Проспер впервые рассказывает о своей семье. Его датская бабушка — состоятельная землевладелица. Американская прабабушка еще была черной рабыней в Вирджинии. У него есть родственники в южных штатах, но он не любит ездить к ним в гости, потому что маленьким мальчиком его однажды не пустили в кино в первые ряды, а отправили назад, на балкон, где сидели другие черные. Это он запомнил на всю жизнь.
— Я предпочитаю ездить в Данию, — говорит он, — там на меня смотрят как на экзотического кузена из Америки. — Он смеется. — У моего дяди большой дом и четыре дочери, от пятнадцати и старше. Они непрестанно трогают меня. Когда я принимаю ванну, обязательно одной надо войти и что-то взять, полотенце или еще что-нибудь, она быстро заглядывает в ванну, не увидит ли чего-нибудь запретного, и при этом непрерывно извиняется за беспокойство.
— Почему же ты не запираешься?
— Не получается. Об этом они заранее заботятся. Не позднее, чем на второй день исчезает ключ от ванной. И от моей комнаты тоже. Они и в мою комнату врываются. Не бойся, не ночью. Утром, когда я одеваюсь.
— И что говорят в оправдание?
— Завтрак готов! — Проспер смеется.
— Тебе это нравится, да?
— Лучше, чем сидеть сзади в кино. Или прийти к парикмахеру, который скажет: «Сожалею, но я не стригу черных волос». Такое со мной тоже случалось. На юге, во время нашей последней семейной встречи. — Он замолкает и задумывается. — Давай поменяем тему, о’кей? Я у тебя. Мы в Париже. И у нас впереди две недели. — Он целует меня в щеку, гладит длинные пряди. — Я не хочу думать ни о чем другом. Только о нас с тобой. Понимаешь?
Мы проводим много времени дома. Почему — легко объяснить. Парижане вернулись из отпуска (три миллиона человек, если верить радио и телевидению), и улицы опять заполнены, запружены, загажены. Повсюду машины, гудящие и выпускающие в воздух ядовитые газы, повсюду грохот, люди, лихорадочная суета.
— Тут хуже, чем в Нью-Йорке, — замечает Проспер, когда после короткой прогулки в полном изнеможении мы приходим домой, — надо бы запретить машины. Но знаешь, все равно Париж — самый красивый город в мире. В сто раз красивее, чем Америка. Здесь мы познакомились. — Он смотрит на меня. — Знаешь, малышка, я долго думал об этом, ради тебя я мог бы бросить семью. Последние недели дома были ужасными. Мы с женой теперь почти не разговариваем, а если говорим — то только ругаемся. Я хочу быть с тобой. Хочу жить вместе. Показать всему миру, как я влюблен. Я не хочу лгать, не хочу прятаться. Хочу начать новую жизнь. Я говорю серьезно!
На следующий день мы едем на Луару. Нанимаем быстроходный красный автомобиль и посещаем самые красивые замки, от Шамбор до Шенонсо и, конечно, Вилляндри со знаменитым во всем мире огородом, который выглядит, как парк. Мы тратим много денег, останавливаемся в лучших отелях, едим в изысканных ресторанах и занимаемся любовью в широких французских двуспальных кроватях. Это напоминает свадебное путешествие. Только намного, намного прекраснее. Да, мои дорогие, это самая красивая неделя в моей жизни, и я это осознаю. Проспер балует меня везде; где только можно. Он выбирает для меня еду, кормит меня за столом, приносит завтрак в постель. Он хочет все обо мне знать, задает сотни вопросов, и я без стеснения рассказываю, в том числе о том, как трудно мне научиться плавать (на глубине у меня все еще не получается!).
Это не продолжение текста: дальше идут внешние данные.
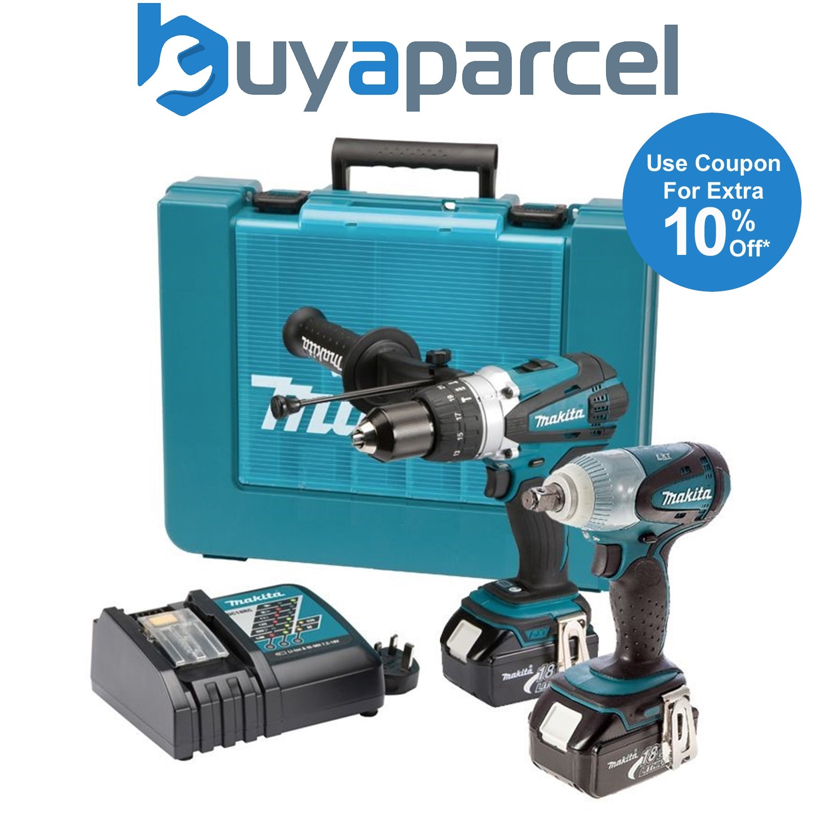Makita DHP458 18v Combi Hammer + DTW251 18v Impact Wrench + 2 x 3.0ah + Charger
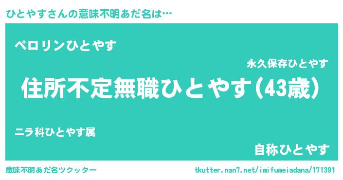 | ヘコむあだ名 | 『ひとにゅー』『ひとやす(小並感)』 |
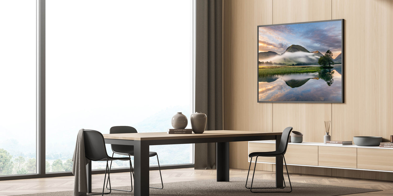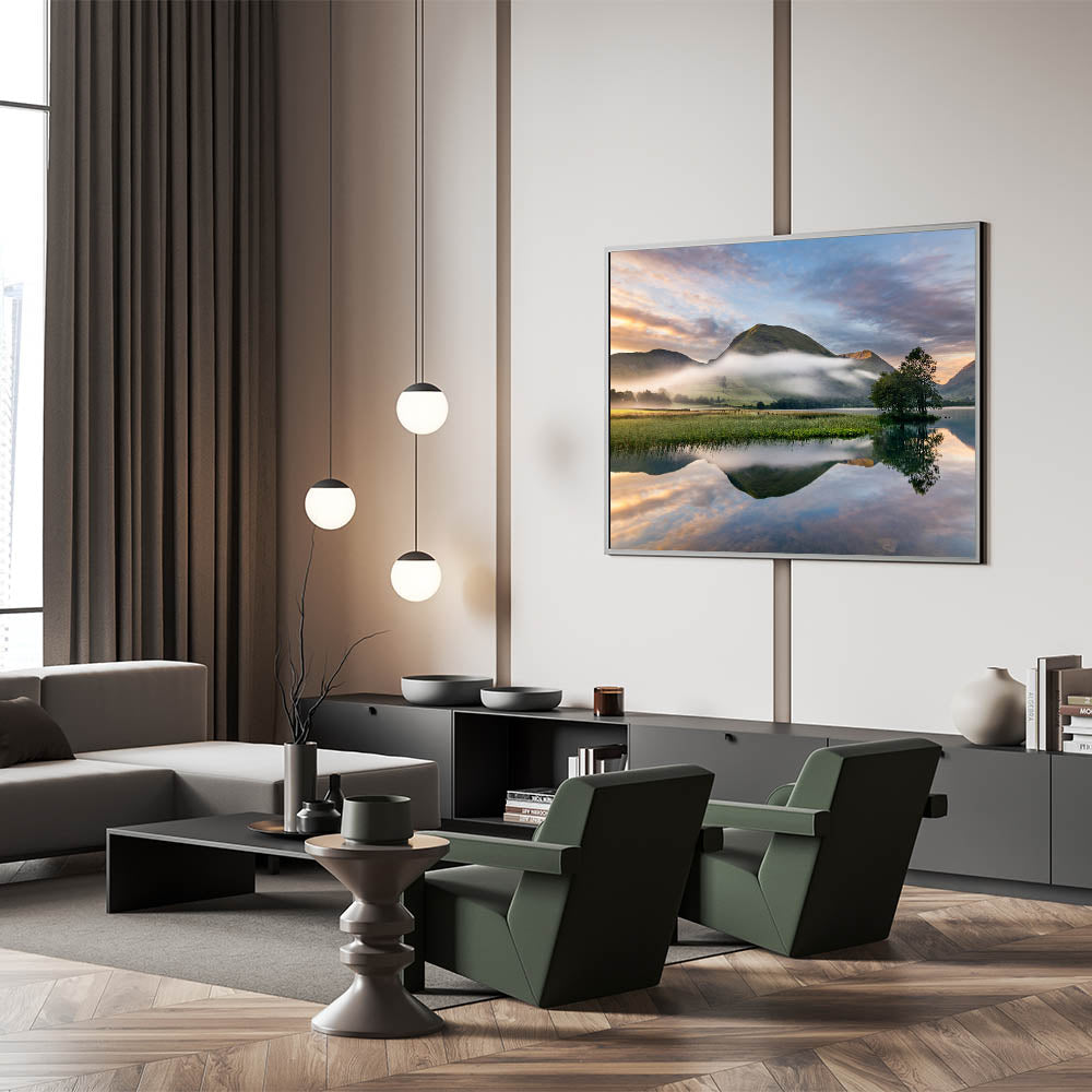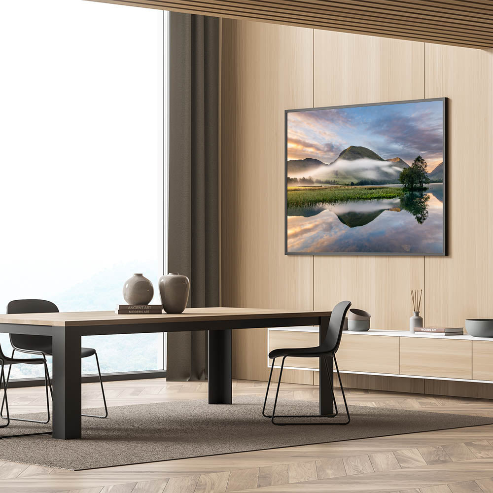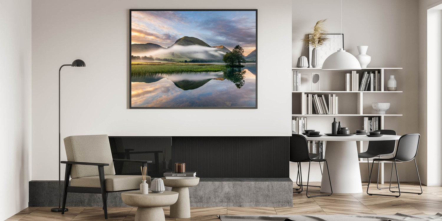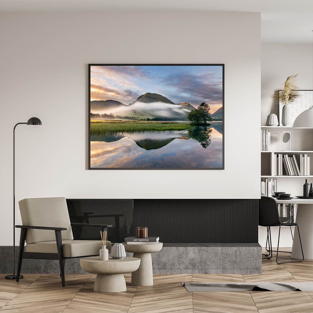 Bring the tranquility of the Lake District into your home with this breathtaking Cumbria wall art. Featuring a serene mountain reflected in still waters, enveloped in a gentle morning mist, this stunning scene captures the peaceful beauty of nature at its finest. Perfect for creating a calming atmosphere, this piece is available in canvas, framed prints, and acrylic glass options, making it an ideal addition to any home decor.
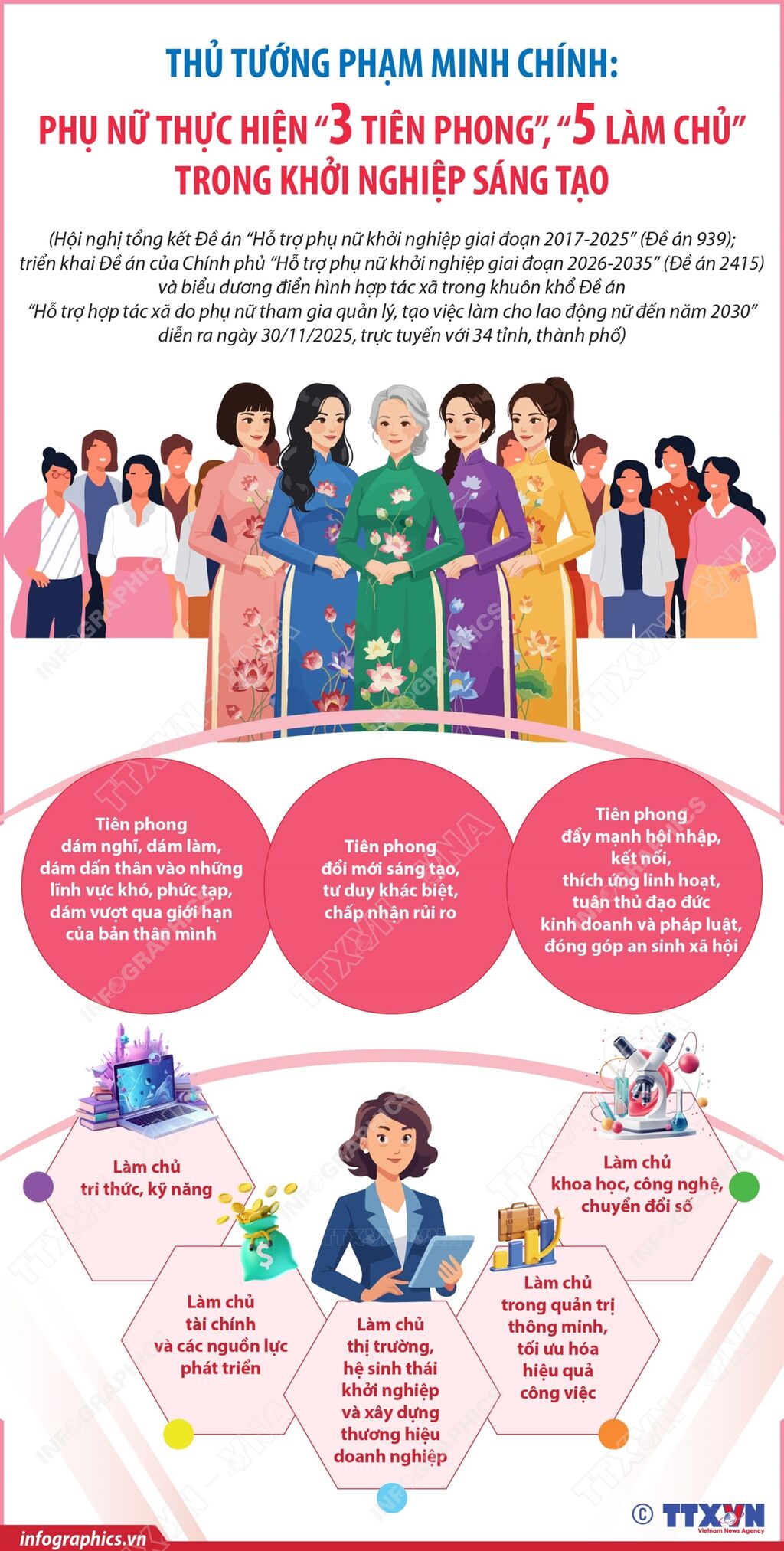 Tại Hội nghị tổng kết Đề án “Hỗ trợ phụ nữ khởi nghiệp giai đoạn 2017 - 2025” (Đề án 939); triển khai Đề án của Chính phủ “Hỗ trợ phụ nữ khởi nghiệp giai đoạn 2026 - 2035” (Đề án 2415) và biểu dương điển hình hợp tác xã trong khuôn khổ Đề án “Hỗ trợ hợp tác xã do phụ nữ tham gia quản lý, tạo việc làm cho lao động nữ đến năm 2030” diễn ra ngày 30/11/2025, Thủ tướng Chính phủ Phạm Minh Chính đề nghị phụ nữ Việt Nam phát huy tinh thần “3 tiên phong”; “5 làm chủ” trong khởi nghiệp sáng tạo theo tinh thần Đề án 2415. Trong đó “3 tiên phong” gồm: Tiên phong dám nghĩ, dám làm, dám dấn thân vào những lĩnh vực khó, phức tạp, dám vượt qua giới hạn của bản thân mình; Tiên phong đổi mới sáng tạo, tư duy khác biệt, chấp nhận rủi ro; Tiên phong đẩy mạnh hội nhập, kết nối, thích ứng linh hoạt, tuân thủ đạo đức kinh doanh và pháp luật, đóng góp an sinh xã hội. Đồng thời phụ nữ cần thực hiện “5 làm chủ” gồm: Làm chủ tri thức, kỹ năng; Làm chủ khoa học, công nghệ, chuyển đổi số; Làm chủ tài chính và các nguồn lực phát triển; Làm chủ trong quản trị thông minh, tối ưu hóa hiệu quả công việc; Làm chủ thị trường, hệ sinh thái khởi nghiệp và xây dựng thương hiệu doanh nghiệp.

Проспер внимательно слушает, пару раз молча кивает и, похоже, сразу забывает. Но в Валансэй он вспоминает об этом. Там в гостинице есть бассейн.
— Детка, — говорит он после обеда, — сегодня ты в первый раз по-настоящему поплывешь.
— Ты имеешь в виду — на глубине? — У меня от страха сразу выступает пот. — Совсем одна? Я не могу!
Мы сидим на краю бассейна, свесив ноги в воду. Жара, как в разгар лета.
— Ты прекрасно это сможешь! Я помогу тебе.
— Я не рискну.
— Ты рискуешь гораздо большим в жизни. Все свои деньги и деньги своей матери ты вкладываешь в издательство, не имея понятия, заработает оно или нет. Это — гораздо больший риск. — Проспер смеется и легко толкает меня в бок.
Я молча смотрю на свои коленки.
— К тому же у меня иногда бывают вещие сны. Это должно произойти сегодня, детка. Ты сегодня должна поплыть. Если сегодня ты пойдешь на глубину, говорит мой сон, ты справишься со всем, что навалится на тебя в Канаде. Тогда с тобой уже ничего не случится!
Я посматриваю на воду. На маленькие, сверкающие, обманчивые волны. Потом на Проспера. На нем красные плавки, он красив, как кинозвезда.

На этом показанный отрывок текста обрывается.